[WHAT YOU SHOULD DO] Could the data below be printed out exactly, with the pictures left out?

***** DATASET CONTENT

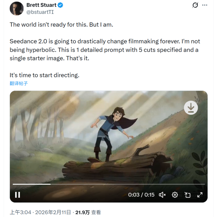导演BrettStuart发布了一条15秒的动画短片,是一个少年跟小狗在树林追逐的故事,包括少年和小狗的对话以及紧凑的动作。BrettStuart表示,“世界还没准备好迎接这个。但我已经准备好了。Seedance2.0将彻底改变电影制作的未来。我可不是在夸张。这只是一个包含5个镜头设定和一张起始图像的prompt。就这么简单。”
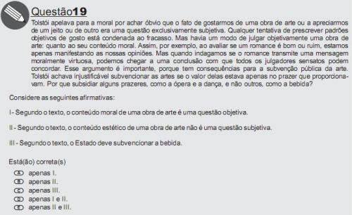 A alternativa III diz que, segundo o texto, o estado deve subvencionar a bebida. O texto não diz isso. Ele diz apenas que Tolstói achava absurdo justificar o subsídio a algo apenas pelo fato de proporcionar prazer a alguém. Se esse o prazer fosse o único valor da arte, diz o texto, o subsídio a ela não seria justificável (tanto quanto não é justificável subsidiar a bebida). Portanto, III está errada.
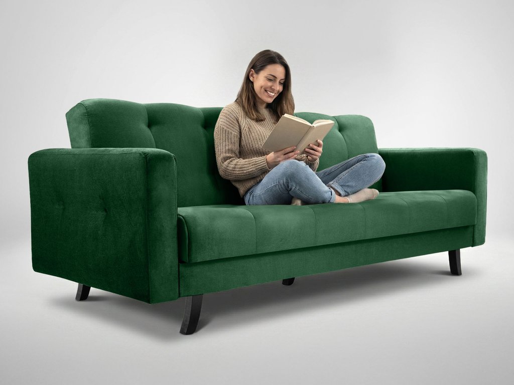 Ez a modell ideális egyének, párok és családok számára, akik kényelmes ülőhelyet keresnek alkalmi alvási lehetőséggel. A háromszemélyes kialakításnak és a kihúzható funkciónak köszönhetően kisebb és nagyobb helyiségekbe egyaránt jól illik. A zöld szín friss és pozitív hangulatot teremt, energiát és stílust adva a belső térnek.
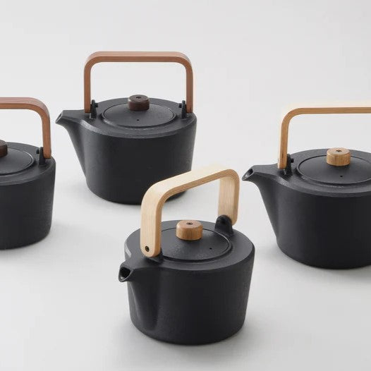 和のイメージが強い鉄瓶ですが、この鉄瓶はそのイメージを覆す、洋の暮らしにもしっくりとなじむシンプルモダンな木のハンドルの「ケトル」です。内部に施されているのは伝統的な鉄瓶づくりの技、漆の焼付仕上げ。鉄瓶の大きな魅力である鉄分補給を妨げません。それだけでなく、「日々使いたい」と思ってもらえるよう、IH調理器でも使えるフラットな底、吹きこぼれしにくい注ぎ口の位置だけでなく、お湯を注ぎやすい三角形の注ぎ口など細部にこだわっています。
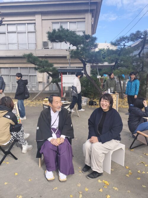 そこでメンバーの松本恭子さん(41)=写真右=は本とコーヒーを媒介に、新旧の住民が交流できる場を実現した。共催する金子善光宮司(79)=同左=は「昔のように境内に人が集まる風景がうれしい。新世代の声が集まれば、神社も地域も盛り上がる」と期待しエールを送る。
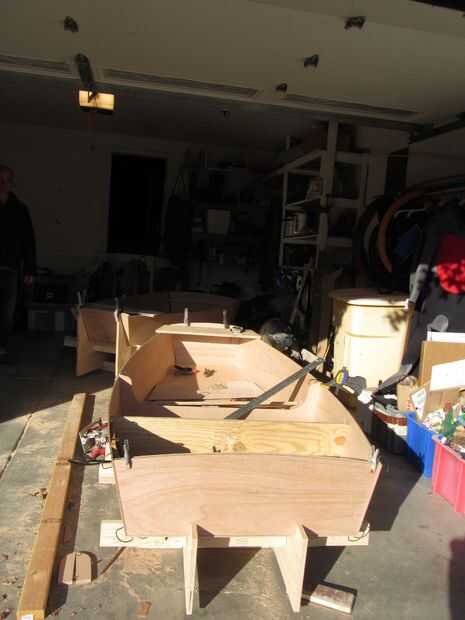 Los planes de mostrar dos llaves de temporales.  Estos se pueden hacer de cualquier madera de desecho y se utilizan para mantener la forma correcta de los lados mientras se hace la Asamblea y del pegamento hacia arriba.  Una vez instalados los rieles borda será quitados y desechados.  La proa y la popa encajan en la ranura en la parte delantera y trasera del panel inferior de casco.  Los lados se envuelven alrededor de los exteriores.  Unos pequeños bloques de madera atornillan a la plantilla en la proa y la popa ayuda a mantener los lados en su posición mientras las pinzas se aplican.   Una ranura pequeña a cortar las dos piezas de la plantilla hacia adelante para permitir que un pequeño bar abrazadera de su opción funciona bien para unir firmemente las dos partes.  Una vez que estás cómoda con el ajuste de todas las partes su listo para mezclar el epoxi.  Moje cada lado con epoxy espesado.  Agregue una pequeña capa de epoxi espesado y montar con apoyos temporales y medio barco soporte instalado.  El siguiente es el mástil cubierta y frustre.   Ajuste y de epoxy en el lugar.  Algunos de los desechos de 18mm pueden ser utilizados para el doubler en estas áreas.  Antes o después de este paso, puede instalar el doubler de proa y popa.
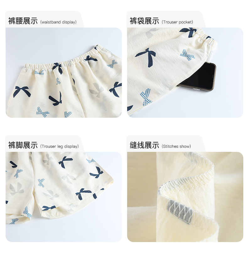 可人儿夏季花朵睡衣女夏天冰丝短袖可外穿仿真丝薄款家居服三件套
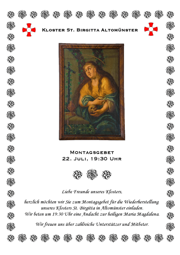 Die Gebete für unsere Andacht zur heiligen Maria Magdalena stehen hier auch als pdf-Datei zur Verfügung.
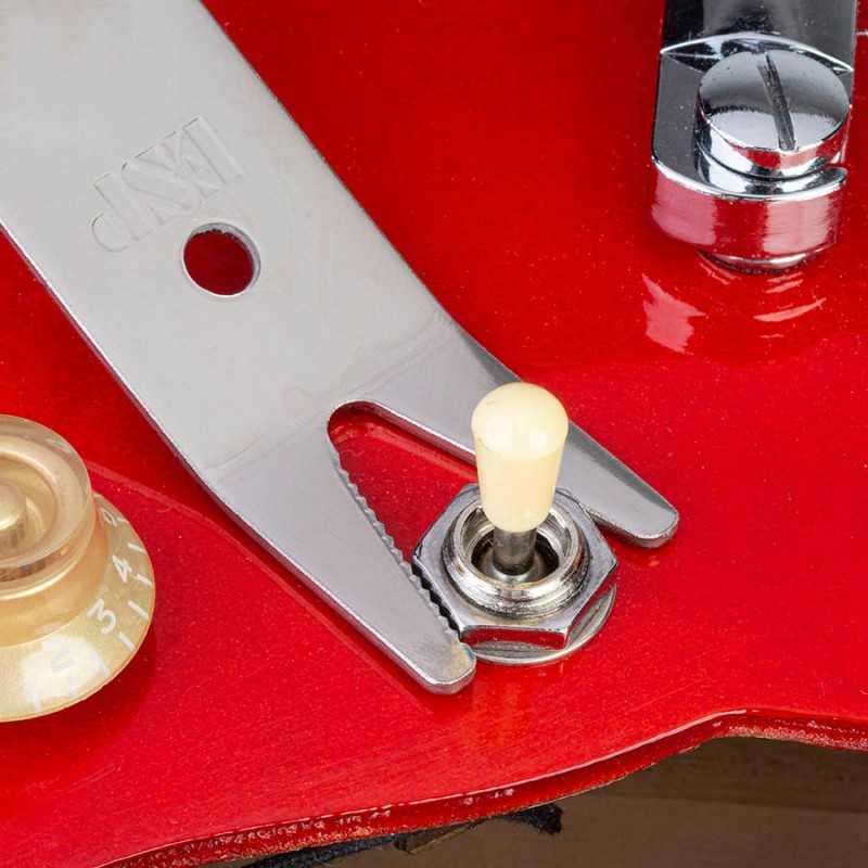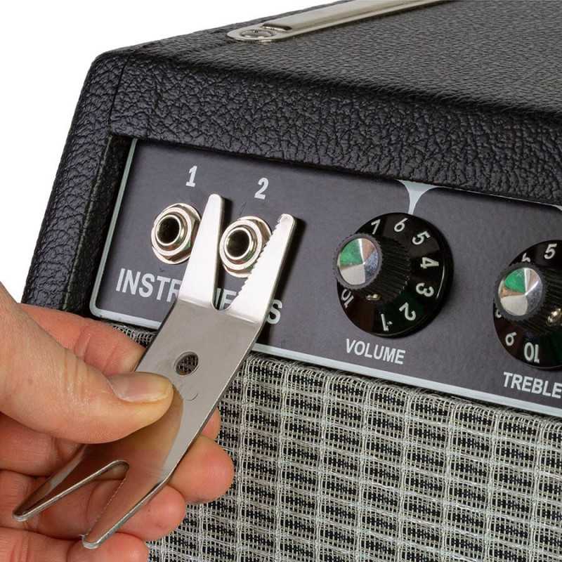 Store this versatile little steel wrench in your guitar case and you can quickly fix a loose output jack, control pot, pickup switch or tuning machine. Turn adjustable bridge thumbwheels more easily, too. One end of the multi spanner is toothed for loosening a nut: the other end tightens it. A mere .075" (1.90mm) thin, the tool can fit under a control knob and is specially angled for clearance over a guitar body or peghead.
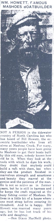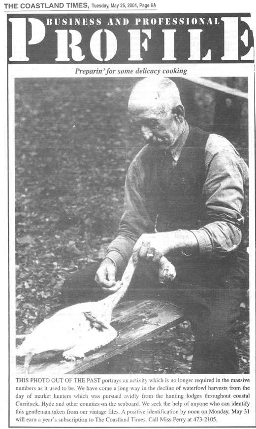 This photograph was identified the next week by Ivadean Wilson Priest, a Roanoke Island Native, who called to say that "Uncle Jeff" Hayman was the gentleman dressing the goose. Mr. Hayman is remembered for many walks of life, but probably most outstanding was his tenure at Fort Raleigh, operating as a vendor under the auspices of the National Park Service. Mrs. Priest won a year's paid subscription to the Coastland Times for her identification. [Submitted by Mary Hayman Kemp who received the original newspaper article from Shirley Jeanette Ambrose.]
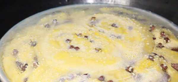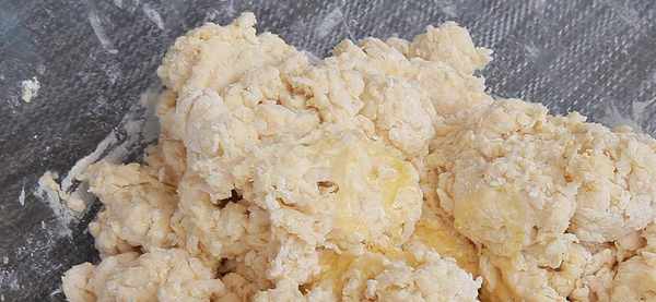 4.再用250毫升牛奶和面,一邊倒一邊攪拌,攪拌成面絮狀,再加入20克食用油或者黃油。
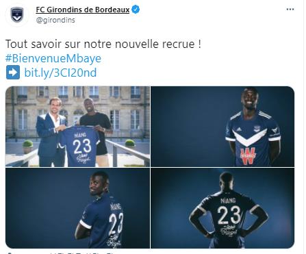 | ▲ 음바예 니앙 영입을 발표한 보르도 [보르도 트위터 캡처. 재판매 및 DB 금지] |
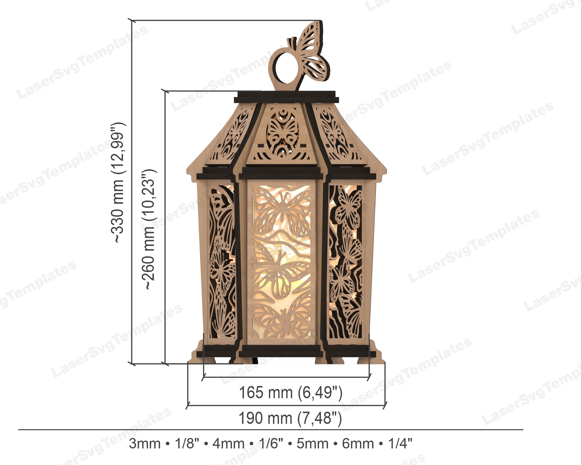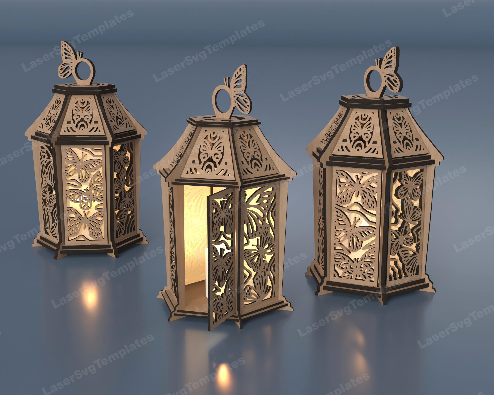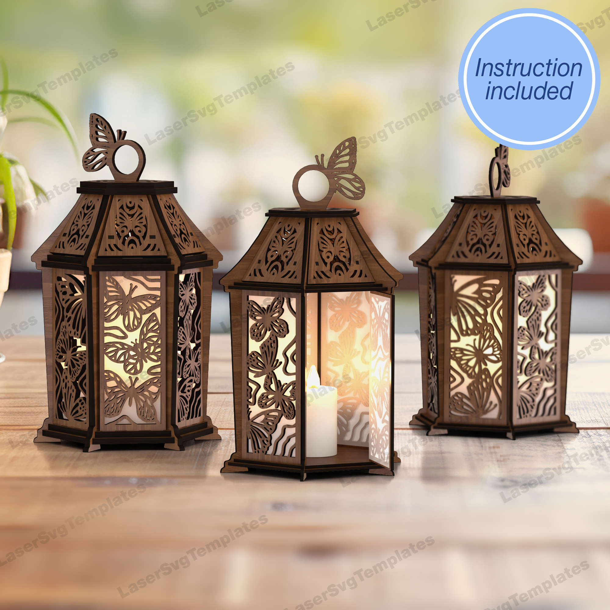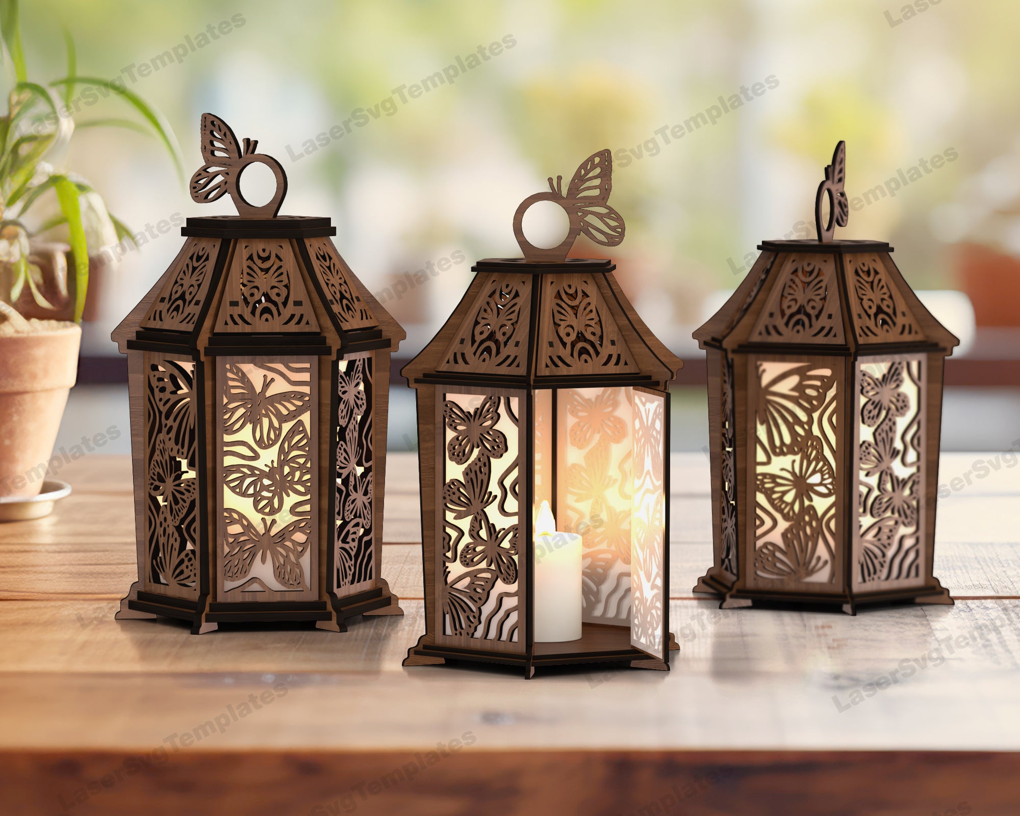 Dekorative hölzerne Schmetterlingslaterne -Laser -SVG -Datei
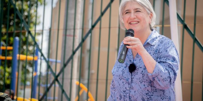 El recorrido continuó con la entrega del parque en el barrio Las Garzas, que beneficia a 3.600 habitantes y que fue financiado en su totalidad por el Gobierno Nacional, con más de $1.000 millones. Incluye una cancha múltiple, sillas y gimnasio. Allí, los niños de la comunidad sembraron un árbol guayacán como símbolo de vida.

**********

[SOLUTION TO THIS EXERCISE]
导演BrettStuart发布了一条15秒的动画短片,是一个少年跟小狗在树林追逐的故事,包括少年和小狗的对话以及紧凑的动作。BrettStuart表示,“世界还没准备好迎接这个。但我已经准备好了。Seedance2.0将彻底改变电影制作的未来。我可不是在夸张。这只是一个包含5个镜头设定和一张起始图像的prompt。就这么简单。”
 A alternativa III diz que, segundo o texto, o estado deve subvencionar a bebida. O texto não diz isso. Ele diz apenas que Tolstói achava absurdo justificar o subsídio a algo apenas pelo fato de proporcionar prazer a alguém. Se esse o prazer fosse o único valor da arte, diz o texto, o subsídio a ela não seria justificável (tanto quanto não é justificável subsidiar a bebida). Portanto, III está errada.
 Ez a modell ideális egyének, párok és családok számára, akik kényelmes ülőhelyet keresnek alkalmi alvási lehetőséggel. A háromszemélyes kialakításnak és a kihúzható funkciónak köszönhetően kisebb és nagyobb helyiségekbe egyaránt jól illik. A zöld szín friss és pozitív hangulatot teremt, energiát és stílust adva a belső térnek.
 和のイメージが強い鉄瓶ですが、この鉄瓶はそのイメージを覆す、洋の暮らしにもしっくりとなじむシンプルモダンな木のハンドルの「ケトル」です。内部に施されているのは伝統的な鉄瓶づくりの技、漆の焼付仕上げ。鉄瓶の大きな魅力である鉄分補給を妨げません。それだけでなく、「日々使いたい」と思ってもらえるよう、IH調理器でも使えるフラットな底、吹きこぼれしにくい注ぎ口の位置だけでなく、お湯を注ぎやすい三角形の注ぎ口など細部にこだわっています。
 そこでメンバーの松本恭子さん(41)=写真右=は本とコーヒーを媒介に、新旧の住民が交流できる場を実現した。共催する金子善光宮司(79)=同左=は「昔のように境内に人が集まる風景がうれしい。新世代の声が集まれば、神社も地域も盛り上がる」と期待しエールを送る。
 Los planes de mostrar dos llaves de temporales.  Estos se pueden hacer de cualquier madera de desecho y se utilizan para mantener la forma correcta de los lados mientras se hace la Asamblea y del pegamento hacia arriba.  Una vez instalados los rieles borda será quitados y desechados.  La proa y la popa encajan en la ranura en la parte delantera y trasera del panel inferior de casco.  Los lados se envuelven alrededor de los exteriores.  Unos pequeños bloques de madera atornillan a la plantilla en la proa y la popa ayuda a mantener los lados en su posición mientras las pinzas se aplican.   Una ranura pequeña a cortar las dos piezas de la plantilla hacia adelante para permitir que un pequeño bar abrazadera de su opción funciona bien para unir firmemente las dos partes.  Una vez que estás cómoda con el ajuste de todas las partes su listo para mezclar el epoxi.  Moje cada lado con epoxy espesado.  Agregue una pequeña capa de epoxi espesado y montar con apoyos temporales y medio barco soporte instalado.  El siguiente es el mástil cubierta y frustre.   Ajuste y de epoxy en el lugar.  Algunos de los desechos de 18mm pueden ser utilizados para el doubler en estas áreas.  Antes o después de este paso, puede instalar el doubler de proa y popa.
 可人儿夏季花朵睡衣女夏天冰丝短袖可外穿仿真丝薄款家居服三件套
 Die Gebete für unsere Andacht zur heiligen Maria Magdalena stehen hier auch als pdf-Datei zur Verfügung.
 Store this versatile little steel wrench in your guitar case and you can quickly fix a loose output jack, control pot, pickup switch or tuning machine. Turn adjustable bridge thumbwheels more easily, too. One end of the multi spanner is toothed for loosening a nut: the other end tightens it. A mere .075" (1.90mm) thin, the tool can fit under a control knob and is specially angled for clearance over a guitar body or peghead.
 This photograph was identified the next week by Ivadean Wilson Priest, a Roanoke Island Native, who called to say that "Uncle Jeff" Hayman was the gentleman dressing the goose. Mr. Hayman is remembered for many walks of life, but probably most outstanding was his tenure at Fort Raleigh, operating as a vendor under the auspices of the National Park Service. Mrs. Priest won a year's paid subscription to the Coastland Times for her identification. [Submitted by Mary Hayman Kemp who received the original newspaper article from Shirley Jeanette Ambrose.]
 4.再用250毫升牛奶和面,一邊倒一邊攪拌,攪拌成面絮狀,再加入20克食用油或者黃油。
 | ▲ 음바예 니앙 영입을 발표한 보르도 [보르도 트위터 캡처. 재판매 및 DB 금지] |
 Dekorative hölzerne Schmetterlingslaterne -Laser -SVG -Datei
 El recorrido continuó con la entrega del parque en el barrio Las Garzas, que beneficia a 3.600 habitantes y que fue financiado en su totalidad por el Gobierno Nacional, con más de $1.000 millones. Incluye una cancha múltiple, sillas y gimnasio. Allí, los niños de la comunidad sembraron un árbol guayacán como símbolo de vida.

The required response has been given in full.